I see a lot of code at work where people use emplace and emplace_back with a temporary object, like this:
struct A {
A::A(int, int);
};
vector<A> v;
vector<A>.emplace_back(A(1, 2));
I know that the whole point of emplace_back is to be able to pass the parameters directly, like this:
v.emplace_back(1, 2);
But unfortunately this is not clear to a few people. But let's not dwell on that....
My question is: is the compiler able to optimize this and skip the create and copy? Or should I really try to fix these occurrences?
For your reference... we're working with C++14.
My question is: is the compiler able to optimize this and skip the create and copy? Or should I really try to fix these occurrences?
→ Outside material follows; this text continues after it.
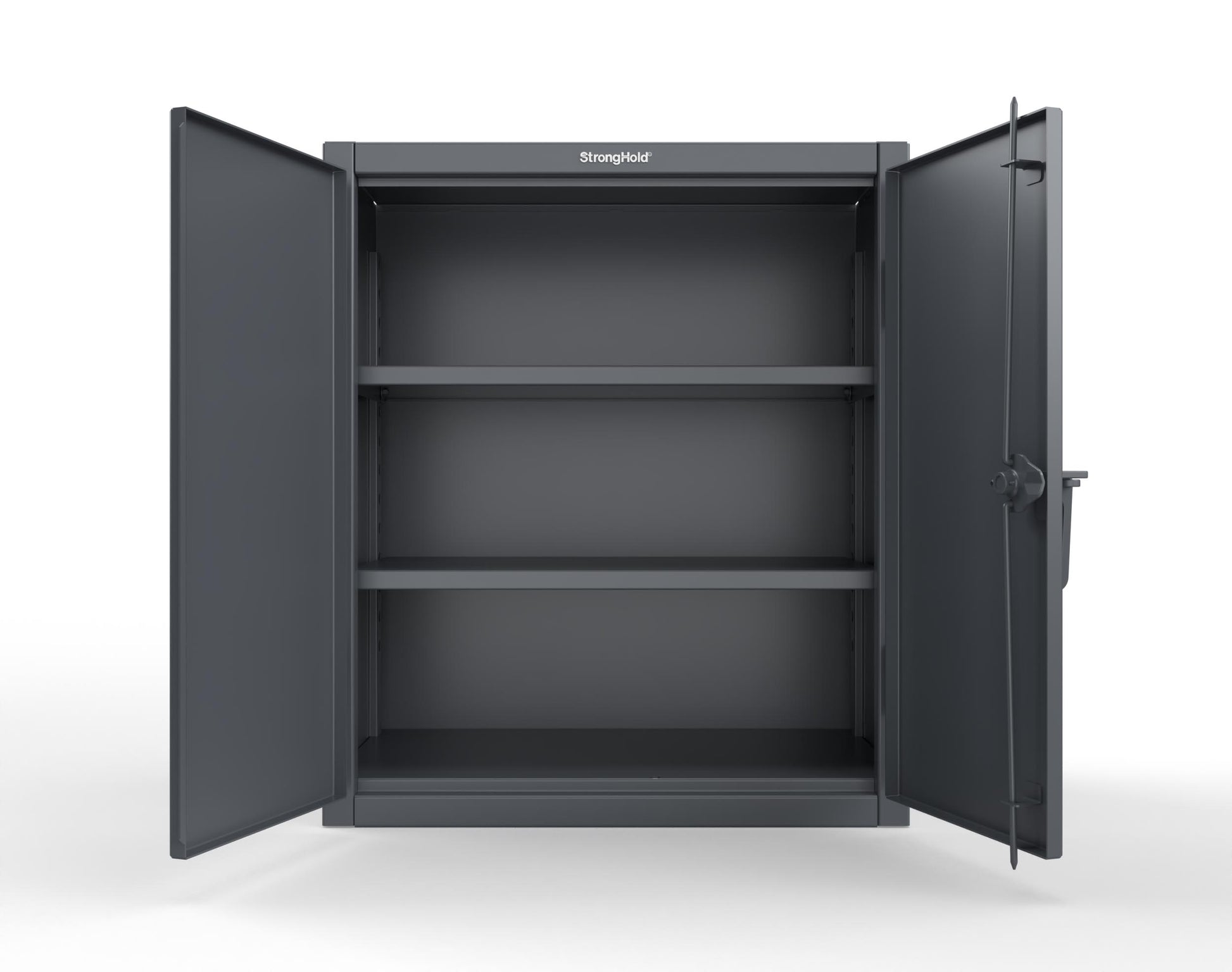 - This Strong Hold cabinet is built to support your toughest industrial storage needs. Made with 12 GA steel, the cabinet stands at 36 in. H x 42 in. W x 20 In. D. Standing at countertop height, you will be able to fit this cabinet into tight spaces easily. The structural strength of our all-welded, wrap around body reduces the number of welds and the need for bolts. This cabinet features 2 adjustable shelves that have a load capacity of 1900 lbs each.

It can't avoid a copy, in the general case. Since emplace_back
accepts by forwarding references, it must create temporaries from a pure standardese perspective. Those references must bind to objects, after all.
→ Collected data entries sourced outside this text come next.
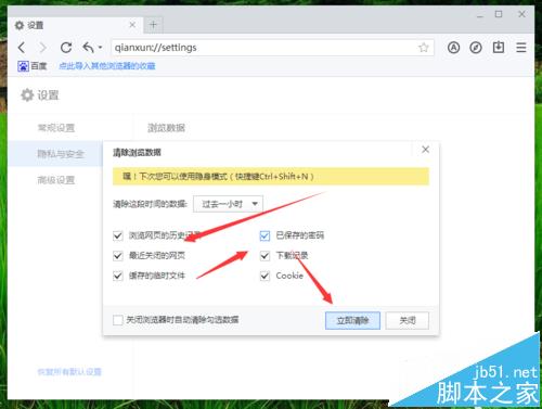 8、在“清除浏览数据”对话窗口中,选择要清除的数据选项,并点击“立即清除”按钮即可。如图所示;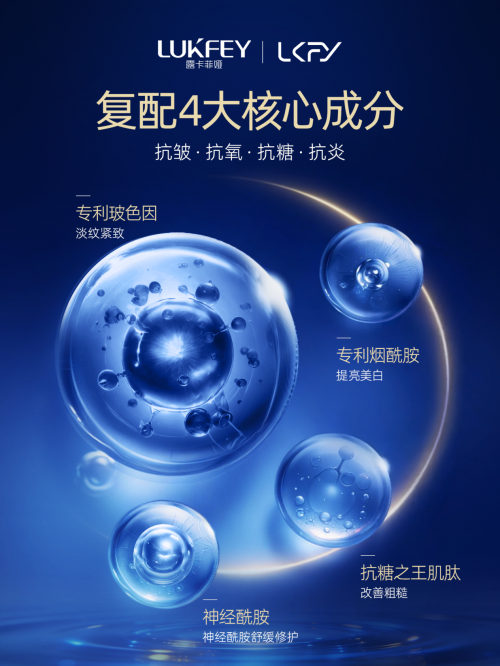 这套四件产品通过科学的成分配比与协同作用,实现抗皱、抗氧、抗糖、抗炎的全链路抗老,满足不同肤质的抗老修护需求,温和且效果扎实。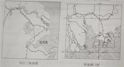 48.读“长江三角洲图”和“香港澳门图”,回答问题。(每空1分,共6分)

Copy elision is a set of rules that allows a copy(or move) constructor to be avoided, and a copy elided, even if the constructor and corresponding destructor have side-effects. It applies in only specific circumstances. And passing arguments by reference is not one of those. So for non-trivial types, where the object copies can't be inlined by the as-if rule, the compiler's hands are bound if it aims to be standard conformant.
The easy answer is no; elision doesn't work with perfect forwarding. But this is c++ so the answer is actually yes.
It requires a touch of boilerplate:
struct A {
A(int, int){std::cout << "A(int,int)\n"; }
A(A&&){std::cout<<"A(A&&)\n";}
};
template<class F>
struct maker_t {
F f;
template<class T>
operator T()&&{ return f(); }
};
template<class F>
maker_t<std::decay_t<F>> maker( F&& f ) { return {std::forward<F>(f)}; }
vector<A> v;
v.emplace_back(maker([]{ return A(1,2); }));
live example.
Output is one call to A(int,int)
. No move occurs. In c++17 the making doesn't even require that a move constructor exist (but the vector does, as it thinks it may have to move the elements in an already allocated buffer). In c++14 the moves are simply elided.